= Study material =
*** Block opens ***
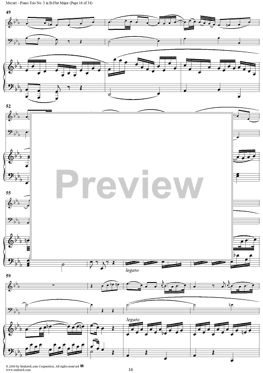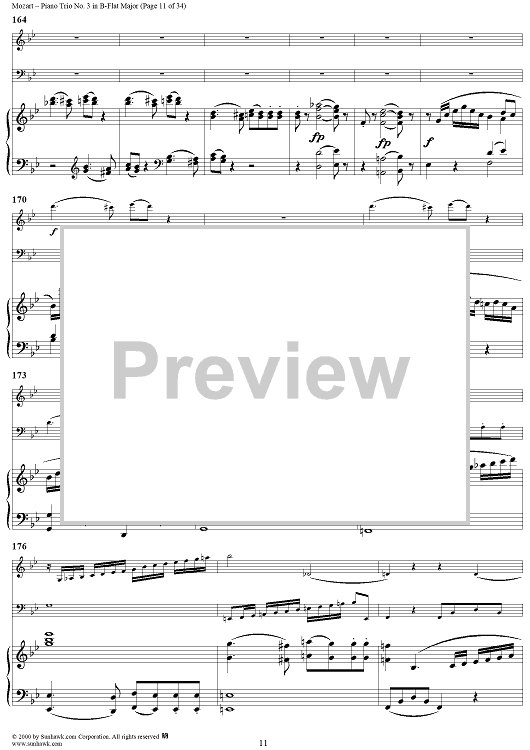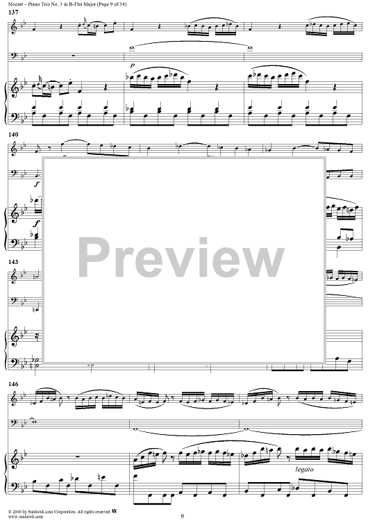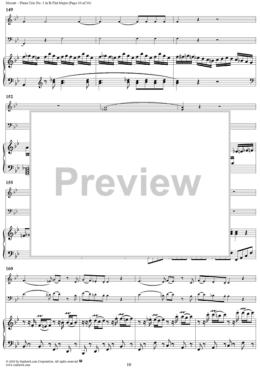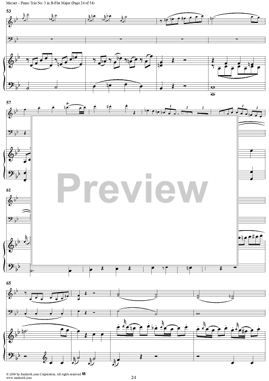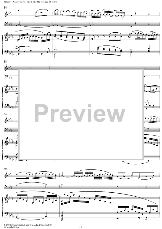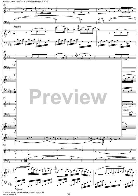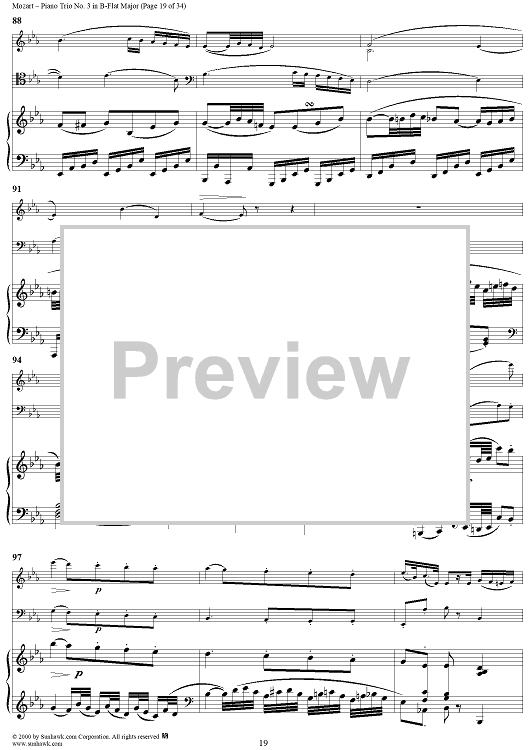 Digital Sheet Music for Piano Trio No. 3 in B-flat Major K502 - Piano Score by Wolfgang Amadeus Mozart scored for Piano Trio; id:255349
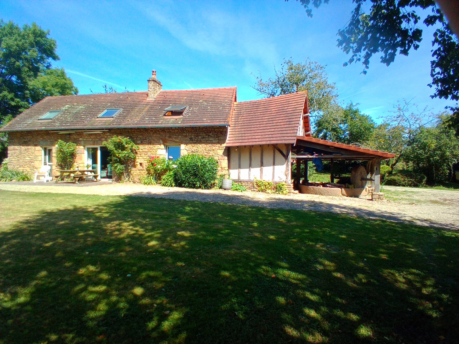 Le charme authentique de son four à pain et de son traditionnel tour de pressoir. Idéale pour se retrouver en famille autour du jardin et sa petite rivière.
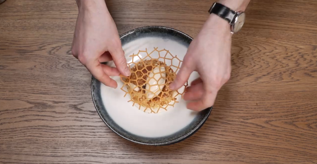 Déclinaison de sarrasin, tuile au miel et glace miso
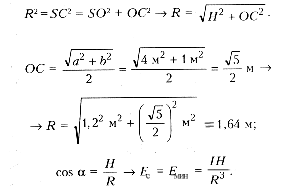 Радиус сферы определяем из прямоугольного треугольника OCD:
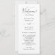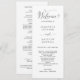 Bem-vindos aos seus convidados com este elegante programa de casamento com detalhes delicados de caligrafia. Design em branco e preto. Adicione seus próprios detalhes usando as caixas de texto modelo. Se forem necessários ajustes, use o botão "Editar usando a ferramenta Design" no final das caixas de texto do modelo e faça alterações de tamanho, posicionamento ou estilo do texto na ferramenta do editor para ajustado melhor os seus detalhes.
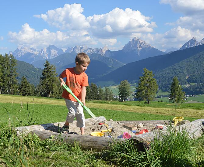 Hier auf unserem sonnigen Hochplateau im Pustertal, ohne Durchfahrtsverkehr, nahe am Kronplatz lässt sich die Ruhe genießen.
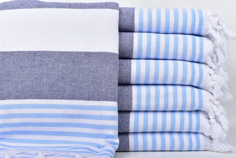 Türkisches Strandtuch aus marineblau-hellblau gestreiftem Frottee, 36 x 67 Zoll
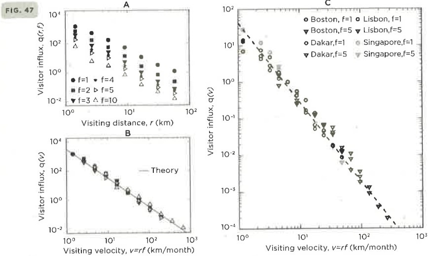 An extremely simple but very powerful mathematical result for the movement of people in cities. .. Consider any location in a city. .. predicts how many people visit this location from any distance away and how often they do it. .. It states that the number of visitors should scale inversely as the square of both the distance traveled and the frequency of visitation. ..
*** Block closes ***
= What you have to do =
Output only the stretch above from the line with "Bem-vindos aos seus" through the line with "Türkisches Strandtuch aus", reproduced exactly. Exclude pictures.

= Written answer =
 Bem-vindos aos seus convidados com este elegante programa de casamento com detalhes delicados de caligrafia. Design em branco e preto. Adicione seus próprios detalhes usando as caixas de texto modelo. Se forem necessários ajustes, use o botão "Editar usando a ferramenta Design" no final das caixas de texto do modelo e faça alterações de tamanho, posicionamento ou estilo do texto na ferramenta do editor para ajustado melhor os seus detalhes.
 Hier auf unserem sonnigen Hochplateau im Pustertal, ohne Durchfahrtsverkehr, nahe am Kronplatz lässt sich die Ruhe genießen.
 Türkisches Strandtuch aus marineblau-hellblau gestreiftem Frottee, 36 x 67 Zoll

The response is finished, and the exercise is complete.